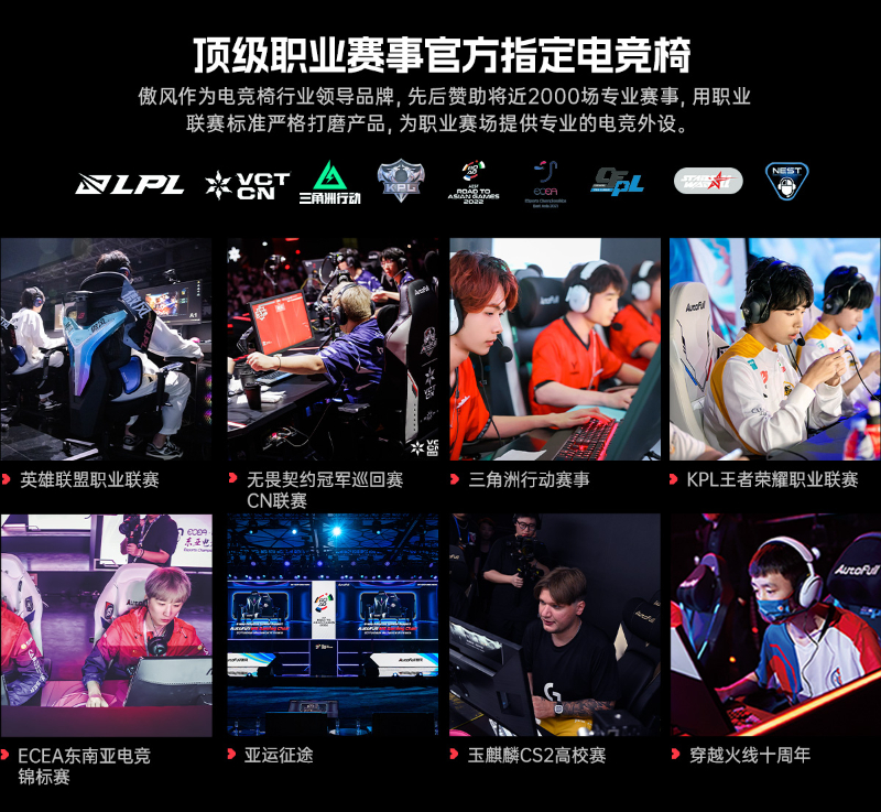 除LPL外,傲风还以专业电竞椅领军者身份,全程支持VCT CN、KPL等全球近2000场顶级电竞赛事,与数百支顶尖战队建立深度合作关系。凭借前沿的人体工程学科技、稳定耐用的产品性能及舒适的久坐体验,傲风赢得了职业选手与全球电竞爱好者的广泛认可,夯实了品牌在电竞外设领域的核心地位。
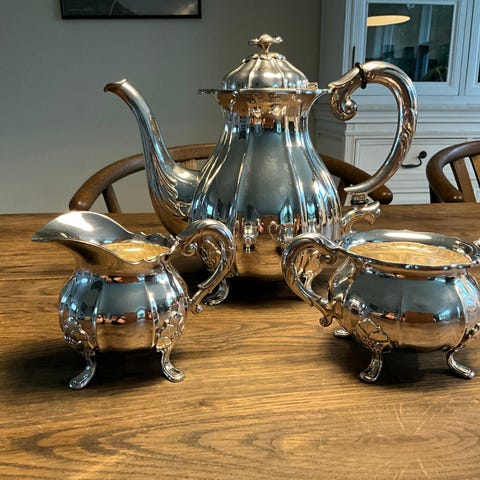 Sølvkande, sukkerskål, flødekande
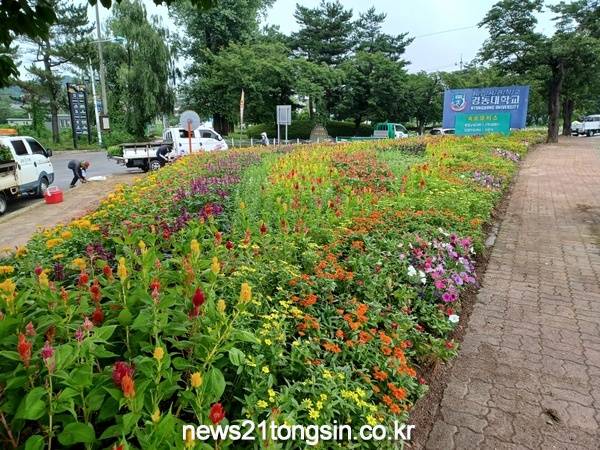속초시가 대포 농공단지 입구를 비롯한 주요 도로변에 백일홍, 메리골드 등 여 름꽃 25만 본 식재를 완료했다.
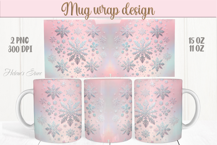 Christmas snowflakes mug wrap png |Pink & silver mug design
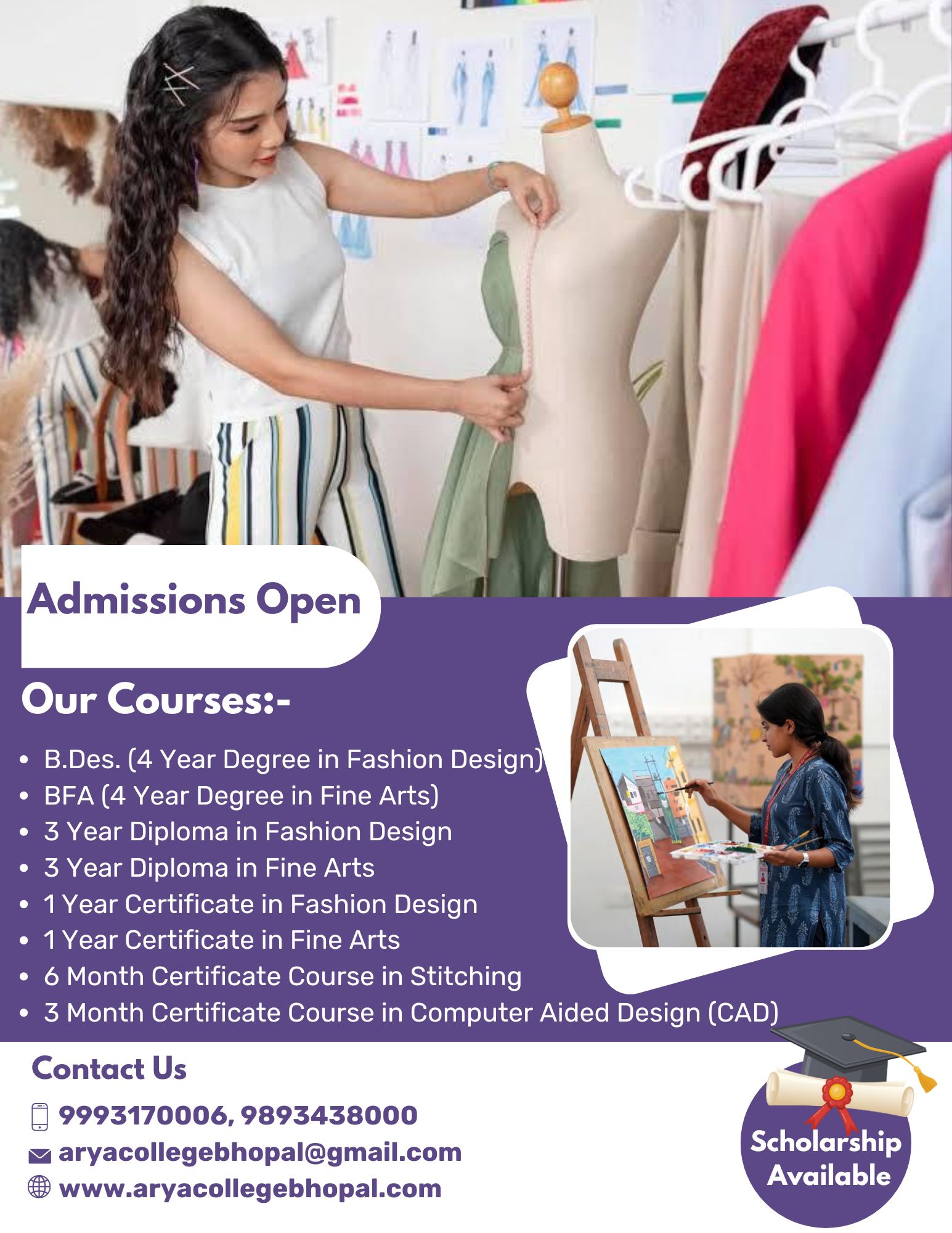 Arya College of Fashion Designing and Fine Arts is an institution located in heart of city of lakes, Bhopal (M.P.), established in 2015. It offers a range of undergraduate programs aimed at shaping well-rounded professionals in the field of Fashion Design and Fine Arts. The college emphasizes hands-on learning, industry alignment, and strong academic mentorship to ensure students achieve their career goals. Our college offers Bachelor's in Fashion Design and Fine Arts, along with diploma and certificate courses along with Smart classrooms, latest industrial machines and library.
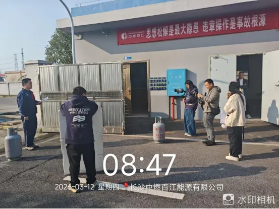 2026年3月12日,长沙市城管局宣传片摄制组再次将镜头对准长沙中燃百江。摄制组聚焦气站规范化运营与危货车智慧化管理两大核心场景,实地记录长沙燃气行业转型升级的鲜活实践。
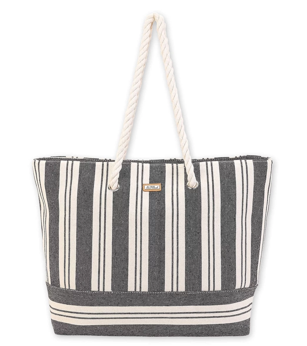 Sun N Sand Striped Canvas Bag w/ Braided Rope Handle

→ **What you will do**:
Give back exactly the lines above from the one with "Sølvkande, sukkerskål, flødekande" through the one with "Christmas snowflakes mug", both included. Pictures don't belong in the copy.

→ **Task answer**:
 Sølvkande, sukkerskål, flødekande
속초시가 대포 농공단지 입구를 비롯한 주요 도로변에 백일홍, 메리골드 등 여 름꽃 25만 본 식재를 완료했다.
 Christmas snowflakes mug wrap png |Pink & silver mug design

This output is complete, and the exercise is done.